Another coauthor of this volume and of Common Sense Economics is self-proclaimed “free-market environmentalist” Richard Stroup of Raleigh, North Carolina, who formerly taught at FSU and is a research fellow at the Independent Institute and an adjunct scholar at the Cato Institute, which was founded by the Charles Koch Foundation. Unfortunately for Stroup’s “environmentalist” claims, and for the many students who’ve had to read Economics: Private and Public Choice, the textbook has earned a failing grade for its treatment of climate change by PhD economist Yoram Bauman.

Stroup’s wife is Jane Shaw, former president of the John William Pope Center for Higher Education Policy, which has long advocated reducing university funding, cutting courses that focus on non-Western subject matter, and giving university donors control of how schools use their money. The Pope Center is funded by the John W. Pope Foundation, which has given millions to higher education programs mainly in the South and is led by Republican political mega-donor and close Koch brothers ally Art Pope.

Common Sense Economics has other primary hubs at University of South Florida’s own Stavros Center and Northern Michigan University’s Center for Economic Education and Entrepreneurship, which Common Sense Economics coauthor Tawni Ferrarini codirects.

The Stavros Center and other similar centers are part of a national movement to push free-market principles on kids all the way down to kindergarten, headed by the national Council for Economic Education, which has more than 200 state and university affiliates, including FSU and many other universities that also receive funding from the Charles Koch Foundation. Many of these affiliates host Common Sense Economics courses and workshops.

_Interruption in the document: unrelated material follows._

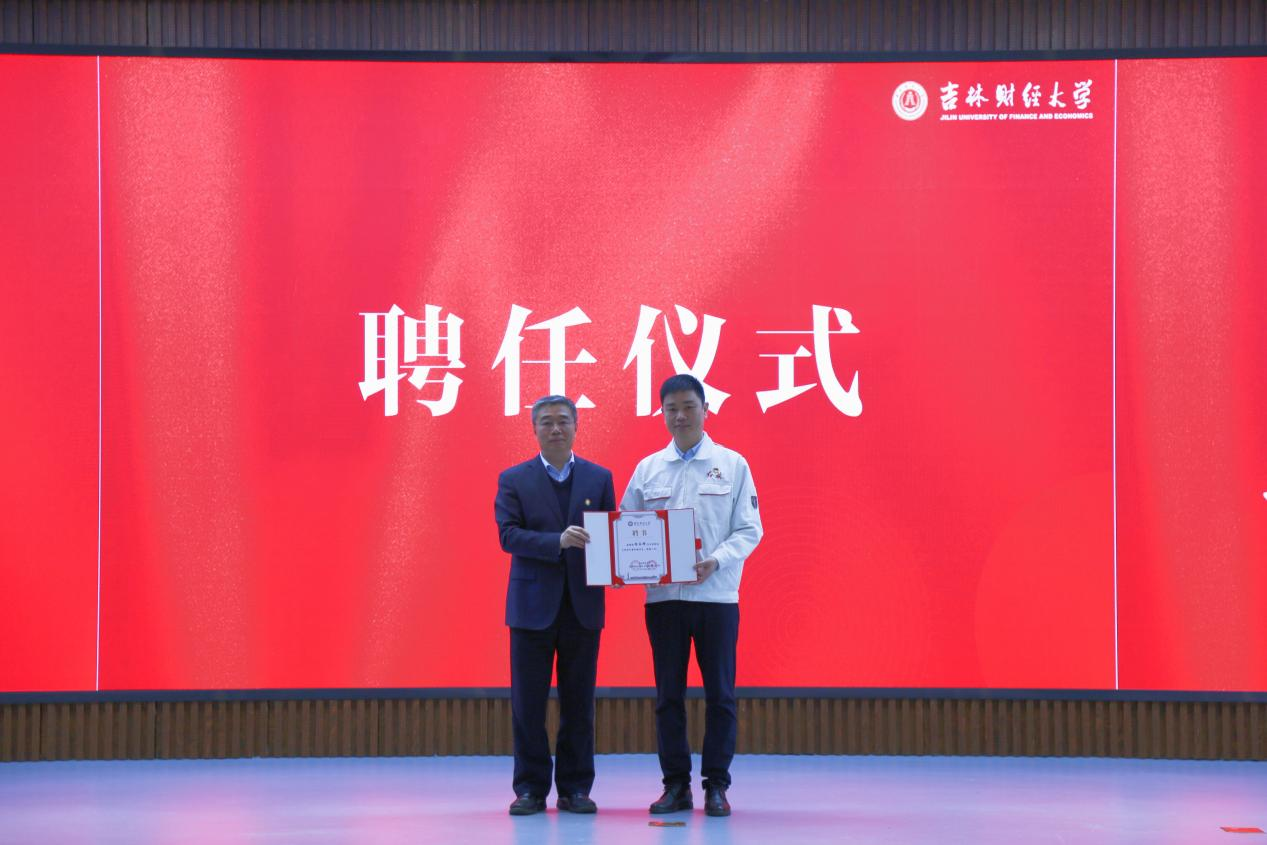 报告会开始前,由刘鹤为杨永修颁发校外兼职辅导员聘书。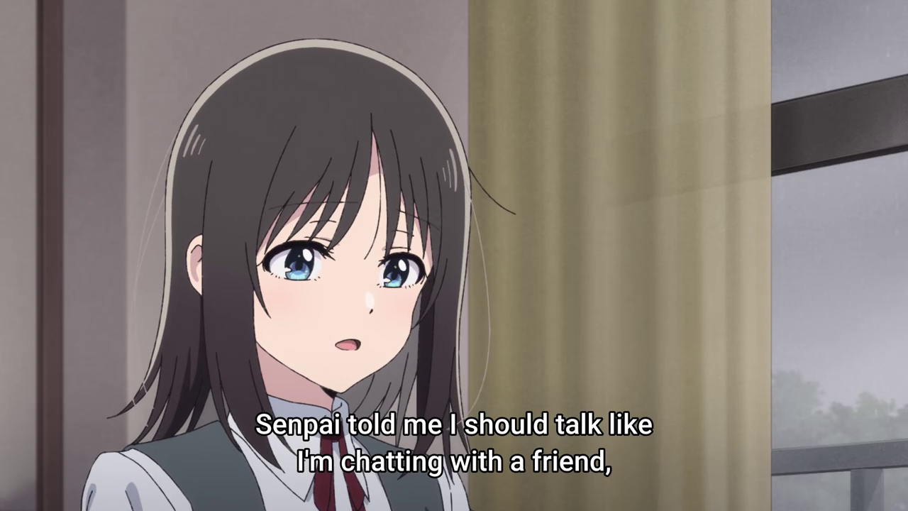 I think a perfect example of why I often feel exhausted is the exchange between Hana and Miiko. Hana has been advised that ad-libbing is like chatting with a friend. And so of course:

More Koch-funded programs are part of this movement. Charles Koch’s Youth Entrepreneurs program to indoctrinate grade-school kids with free-market gospel is well established. Koch-funded Institute for Humane Studies’ The EDvantage program, which features Ferrarini as one of its editors, is a “curriculum hub” for K-12 educators.

Across the country, Koch-funded academic centers and professors are training teachers of all grade levels to pass on the same ideas, even promoting lives lost in the name of profit. “Corporations like Koch Industries need this generation to make the lives for profit trade-off in order to justify their continued existence, and so they are trying to influence younger and younger students,” wrote Wilson. “Charles Koch is quoted in Jane Mayer’s recently published book, Dark Money, as saying that youths were crucial to his quest to alter society because ‘this is the only group that is open to a radically different social philosophy.’”

Alex Kotch is a contributor to AlterNet.